Copy the lines below exactly, starting at the one with "CC (2014). ![]() ![]() |" and ending at the one with "Тройник канализационный предназначен", and leave out any picture.
======== Given information ========
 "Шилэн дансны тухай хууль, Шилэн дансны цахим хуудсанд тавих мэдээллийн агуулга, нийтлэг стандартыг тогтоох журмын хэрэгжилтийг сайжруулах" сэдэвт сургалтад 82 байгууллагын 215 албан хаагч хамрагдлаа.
========
======== Given information ========
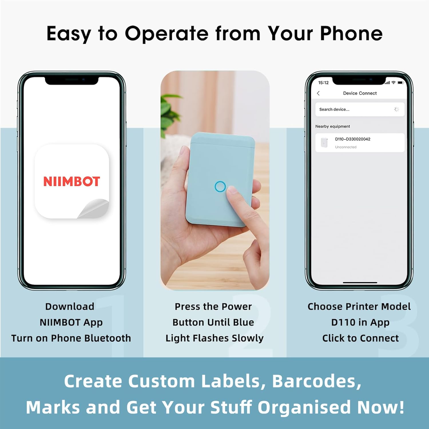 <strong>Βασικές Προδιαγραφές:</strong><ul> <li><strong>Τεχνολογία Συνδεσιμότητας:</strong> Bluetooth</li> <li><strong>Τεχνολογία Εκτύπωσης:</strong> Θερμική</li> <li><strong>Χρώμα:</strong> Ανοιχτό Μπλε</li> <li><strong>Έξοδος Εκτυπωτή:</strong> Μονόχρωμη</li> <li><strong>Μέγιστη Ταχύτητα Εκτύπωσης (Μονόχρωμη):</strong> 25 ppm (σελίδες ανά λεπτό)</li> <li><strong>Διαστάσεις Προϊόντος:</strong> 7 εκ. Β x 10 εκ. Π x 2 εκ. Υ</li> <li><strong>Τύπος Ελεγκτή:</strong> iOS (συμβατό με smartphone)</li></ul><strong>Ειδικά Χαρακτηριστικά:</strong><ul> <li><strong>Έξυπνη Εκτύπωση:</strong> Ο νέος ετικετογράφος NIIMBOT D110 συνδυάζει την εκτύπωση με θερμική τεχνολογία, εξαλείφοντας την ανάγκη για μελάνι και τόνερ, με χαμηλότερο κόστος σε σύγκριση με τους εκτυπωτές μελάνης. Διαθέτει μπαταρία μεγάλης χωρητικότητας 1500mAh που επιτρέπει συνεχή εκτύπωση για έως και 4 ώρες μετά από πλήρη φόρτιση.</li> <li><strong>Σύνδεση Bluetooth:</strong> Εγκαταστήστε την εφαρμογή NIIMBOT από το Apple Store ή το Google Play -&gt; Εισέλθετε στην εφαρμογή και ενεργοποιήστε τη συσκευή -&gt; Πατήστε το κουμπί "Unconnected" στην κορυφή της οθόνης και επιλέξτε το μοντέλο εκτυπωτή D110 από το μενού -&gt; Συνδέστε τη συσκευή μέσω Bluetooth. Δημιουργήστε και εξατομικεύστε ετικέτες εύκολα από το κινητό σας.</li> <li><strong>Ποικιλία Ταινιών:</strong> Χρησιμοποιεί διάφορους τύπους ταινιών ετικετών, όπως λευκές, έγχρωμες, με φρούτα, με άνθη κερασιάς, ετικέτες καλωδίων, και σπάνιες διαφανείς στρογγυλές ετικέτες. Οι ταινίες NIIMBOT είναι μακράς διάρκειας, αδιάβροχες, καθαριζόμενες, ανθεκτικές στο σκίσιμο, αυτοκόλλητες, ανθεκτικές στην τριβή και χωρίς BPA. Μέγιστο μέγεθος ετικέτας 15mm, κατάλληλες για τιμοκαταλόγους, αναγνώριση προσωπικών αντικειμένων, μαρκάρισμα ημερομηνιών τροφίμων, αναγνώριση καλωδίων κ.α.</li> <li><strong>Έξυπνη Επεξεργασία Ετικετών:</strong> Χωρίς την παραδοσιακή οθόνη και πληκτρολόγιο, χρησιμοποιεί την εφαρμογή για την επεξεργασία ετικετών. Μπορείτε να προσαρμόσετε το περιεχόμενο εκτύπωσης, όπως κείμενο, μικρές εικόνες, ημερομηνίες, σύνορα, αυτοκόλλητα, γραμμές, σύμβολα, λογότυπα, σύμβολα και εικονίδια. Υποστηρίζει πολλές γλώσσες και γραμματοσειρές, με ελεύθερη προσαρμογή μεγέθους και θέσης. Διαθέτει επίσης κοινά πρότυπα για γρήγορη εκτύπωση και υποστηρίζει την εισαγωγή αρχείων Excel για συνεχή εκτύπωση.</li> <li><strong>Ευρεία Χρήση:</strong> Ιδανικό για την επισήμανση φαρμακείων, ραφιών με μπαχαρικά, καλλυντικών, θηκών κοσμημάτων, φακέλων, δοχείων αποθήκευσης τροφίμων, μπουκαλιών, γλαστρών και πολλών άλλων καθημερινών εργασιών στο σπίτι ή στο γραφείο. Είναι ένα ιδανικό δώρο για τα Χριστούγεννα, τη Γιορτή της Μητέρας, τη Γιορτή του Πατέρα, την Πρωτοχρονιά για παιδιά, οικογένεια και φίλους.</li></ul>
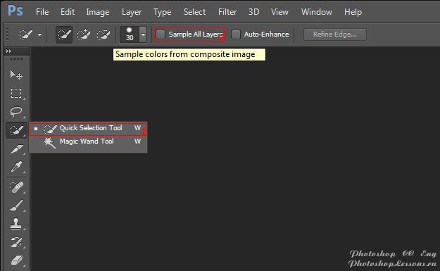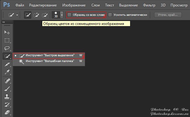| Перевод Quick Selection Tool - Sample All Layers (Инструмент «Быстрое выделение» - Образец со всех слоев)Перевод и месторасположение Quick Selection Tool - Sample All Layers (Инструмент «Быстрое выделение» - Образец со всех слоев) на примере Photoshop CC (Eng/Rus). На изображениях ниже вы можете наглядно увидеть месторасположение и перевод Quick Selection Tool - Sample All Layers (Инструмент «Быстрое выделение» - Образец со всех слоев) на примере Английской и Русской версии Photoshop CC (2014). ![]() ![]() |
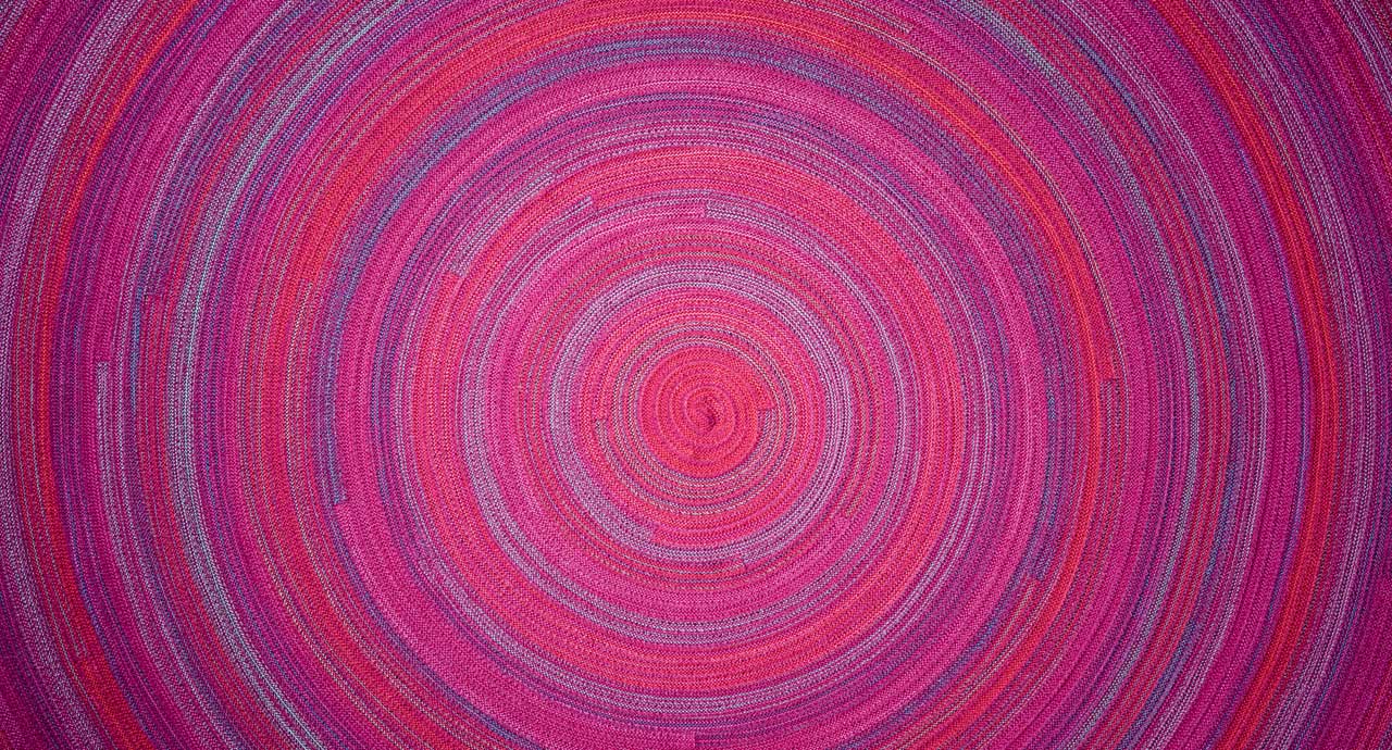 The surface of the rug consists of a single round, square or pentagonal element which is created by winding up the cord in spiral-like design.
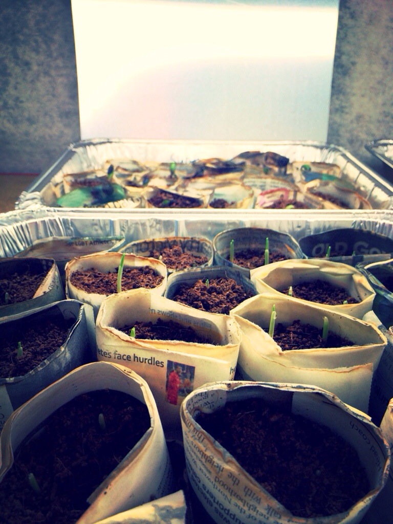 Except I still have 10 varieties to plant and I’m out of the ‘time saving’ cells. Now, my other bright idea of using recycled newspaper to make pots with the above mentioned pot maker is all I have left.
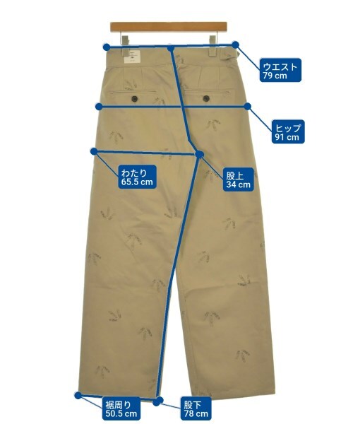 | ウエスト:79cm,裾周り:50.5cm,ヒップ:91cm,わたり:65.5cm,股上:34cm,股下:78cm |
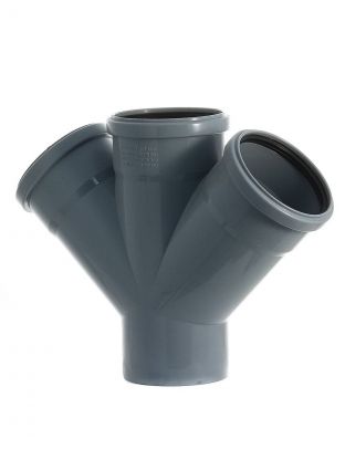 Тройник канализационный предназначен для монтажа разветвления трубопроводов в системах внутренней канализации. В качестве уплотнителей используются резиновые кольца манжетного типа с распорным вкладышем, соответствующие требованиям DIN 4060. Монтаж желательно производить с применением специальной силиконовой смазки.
========
* _Solved problem_
| Перевод Quick Selection Tool - Sample All Layers (Инструмент «Быстрое выделение» - Образец со всех слоев)Перевод и месторасположение Quick Selection Tool - Sample All Layers (Инструмент «Быстрое выделение» - Образец со всех слоев) на примере Photoshop CC (Eng/Rus). На изображениях ниже вы можете наглядно увидеть месторасположение и перевод Quick Selection Tool - Sample All Layers (Инструмент «Быстрое выделение» - Образец со всех слоев) на примере Английской и Русской версии Photoshop CC (2014). ![]() ![]() |
 The surface of the rug consists of a single round, square or pentagonal element which is created by winding up the cord in spiral-like design.
 Except I still have 10 varieties to plant and I’m out of the ‘time saving’ cells. Now, my other bright idea of using recycled newspaper to make pots with the above mentioned pot maker is all I have left.
 | ウエスト:79cm,裾周り:50.5cm,ヒップ:91cm,わたり:65.5cm,股上:34cm,股下:78cm |
 Тройник канализационный предназначен для монтажа разветвления трубопроводов в системах внутренней канализации. В качестве уплотнителей используются резиновые кольца манжетного типа с распорным вкладышем, соответствующие требованиям DIN 4060. Монтаж желательно производить с применением специальной силиконовой смазки.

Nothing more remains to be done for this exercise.